Records from a data source
○ ○ ○ ○ ○

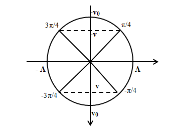 Vì trong 1 chu kỳ, khoảng thời gian mà vận tốc của vật có giá trị biến thiên trên đoạn từ \(-8\pi \sqrt{2}cm/s\) đến \(8\pi \sqrt{2}cm/s\) là T/2 nên các vị trí đó tương ứng như hình vẽ
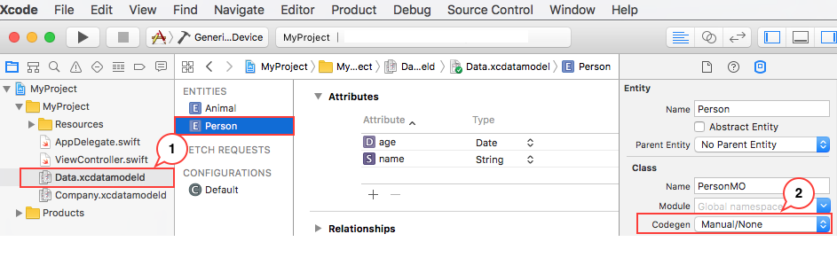 Manual/Nonein the Data Model inspector as shown in Figure 1. Repeat this step for all entities you want to create Core Data managed object subclasses.
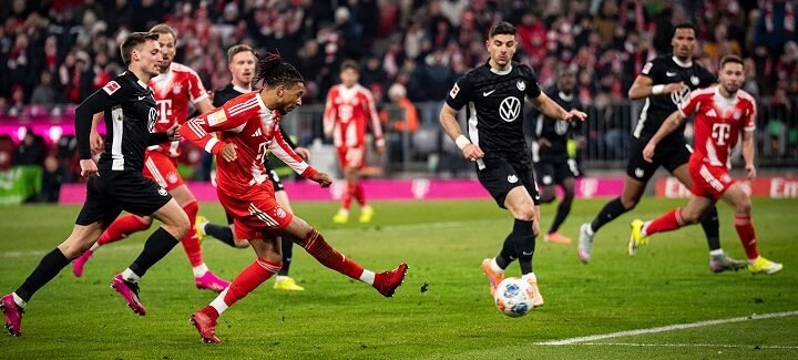 - 5’: Umpan silang Luis Diaz, yang ditujukan kepada Michael Olise, justru disambar terlebih dahulu oleh bek Wolfsburg, Killian Fischer.
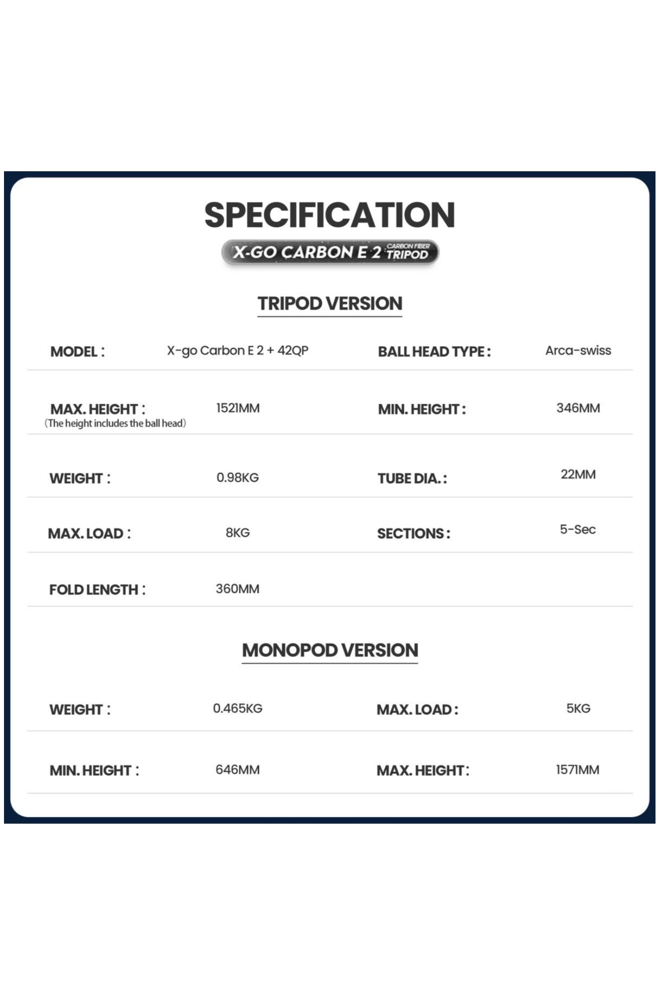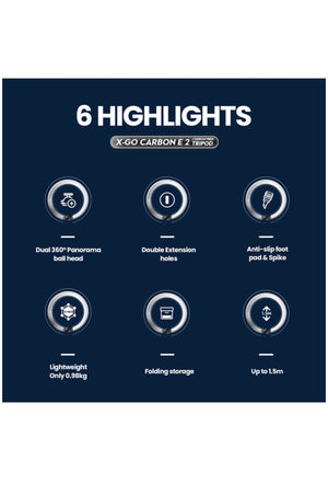 Take your photography to the next level with the X-go Carbon E+42QP, a professional-grade tripod stand designed to meet the demands of outdoor adventurers, travel photographers, and creative professionals alike. Lightweight, compact, and rugged, this camera tripod stand delivers everything you need for precise, stable shots in any environment - all without adding bulk to your kit.
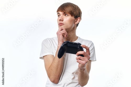 a man in a white t-shirt with a joystick in his hands playing hobby lifestyle
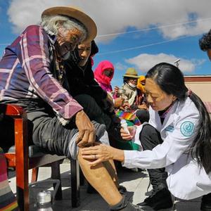 當日,西藏阜康腫瘤醫院的康復理療師來(lái)到海拔4000余米的阿里地區措勤縣曲洛鄉,聯(lián)合當地衛生院的醫生為當地牧民義診。
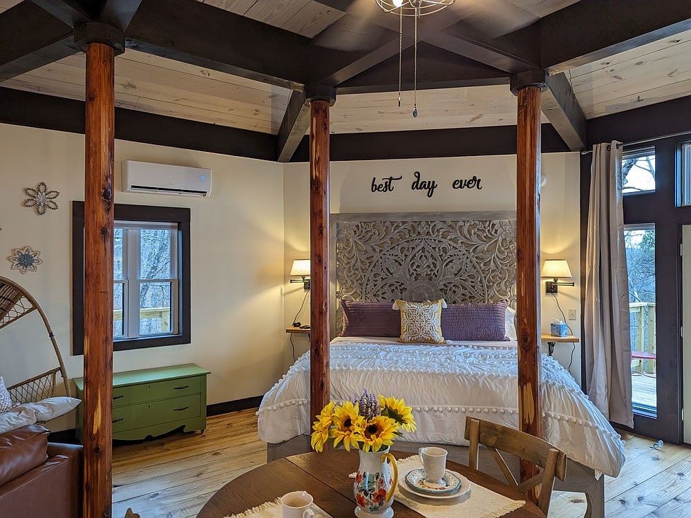 This master bedroom features a warm, inviting design with rustic wooden beams framing the ceiling and a statement four-poster bed. The carved wooden headboard, adorned with plush pillows, is accented by a whimsical “best day ever” sign, adding a cheerful touch. Large windows let in natural light, while soft neutral walls and exposed wood floors create a bright, open feel. Family-friendly touches include a spacious seating nook and a dining table perfect for snacks or family board games. Decorative wall art, thoughtful lighting, and cozy linens complete the space’s welcoming, comfortable ambiance—ideal for both relaxation and family time.
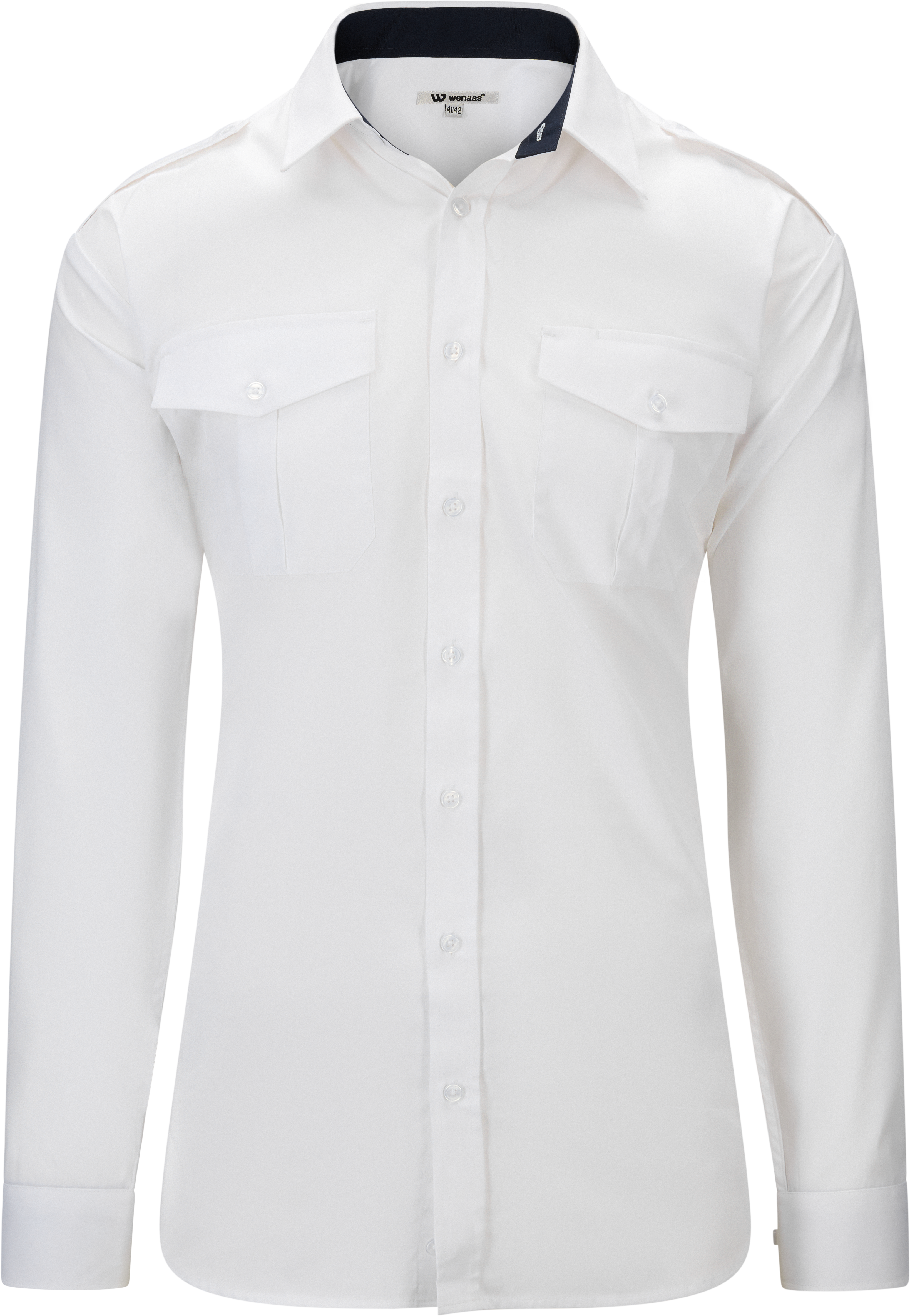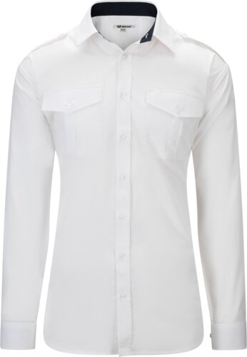 Slim fit herreskjorte med lange ermer, spiss krage, skulderklaffer, bærestykke bak, fold bak for bedre bevegelighet, stolpe foran med knapper, mansjetter og ermslisser med knapper, brystlommer med klaff og knappelukking, buet nederkant foran og bak, kontrastfarget kragebånd og mansjetter i marineblått. ETI finish - '' Easy to iron''.
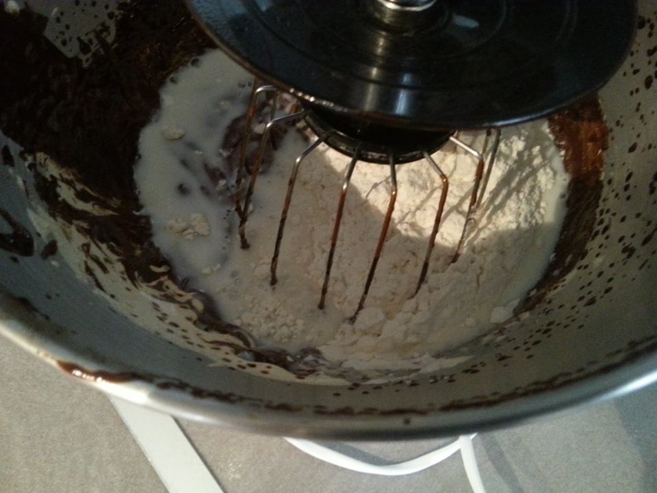-نعمل الأصفر +السكر ونضرب مزيان حتى يولي لون الخليط فاتح نضيف عليه الشكلاط مدوب مع الزبدة ونخلط ثم الطحين +الحليب ونرجع نخلط غادي الخليط يجيكم ثقيل عادي مين نضيف ليه أبيض البيض يولي خفيف نأخد الخليط ديال أبيض البيض ونضيفو على الخليط ديالنا ونحركو بملعقة غي بشوية حتى ما يبقاش يبان أبيض البيض وكلشي يمتزج مع بعض
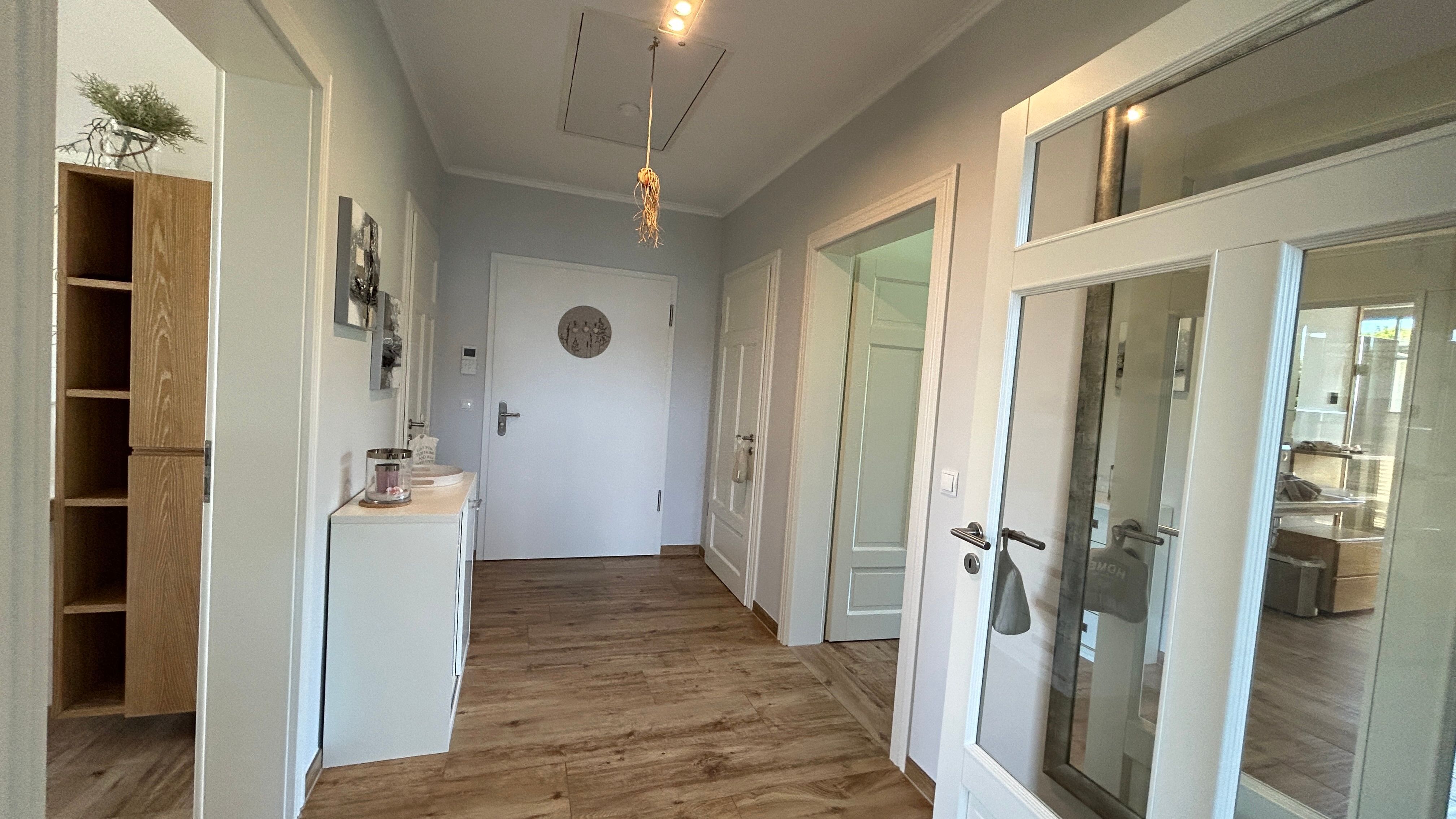 Bücher, DVD's und Spiele für die ganze Familie stehen Ihnen ebenfalls zur Verfügung. Auch hier befinden sich an den Türen zum Balkon Insektenschutztüren.

○ ○ ○ ○ ○

◆ **Activity**: The answer must be the part of the records that opens with the line containing "Take your photography" and closes with the line containing "當日,西藏阜康腫瘤醫院的康復", reproduced exactly, with no pictures.

◆ **Answer below**:
 Take your photography to the next level with the X-go Carbon E+42QP, a professional-grade tripod stand designed to meet the demands of outdoor adventurers, travel photographers, and creative professionals alike. Lightweight, compact, and rugged, this camera tripod stand delivers everything you need for precise, stable shots in any environment - all without adding bulk to your kit.
 a man in a white t-shirt with a joystick in his hands playing hobby lifestyle
 當日,西藏阜康腫瘤醫院的康復理療師來(lái)到海拔4000余米的阿里地區措勤縣曲洛鄉,聯(lián)合當地衛生院的醫生為當地牧民義診。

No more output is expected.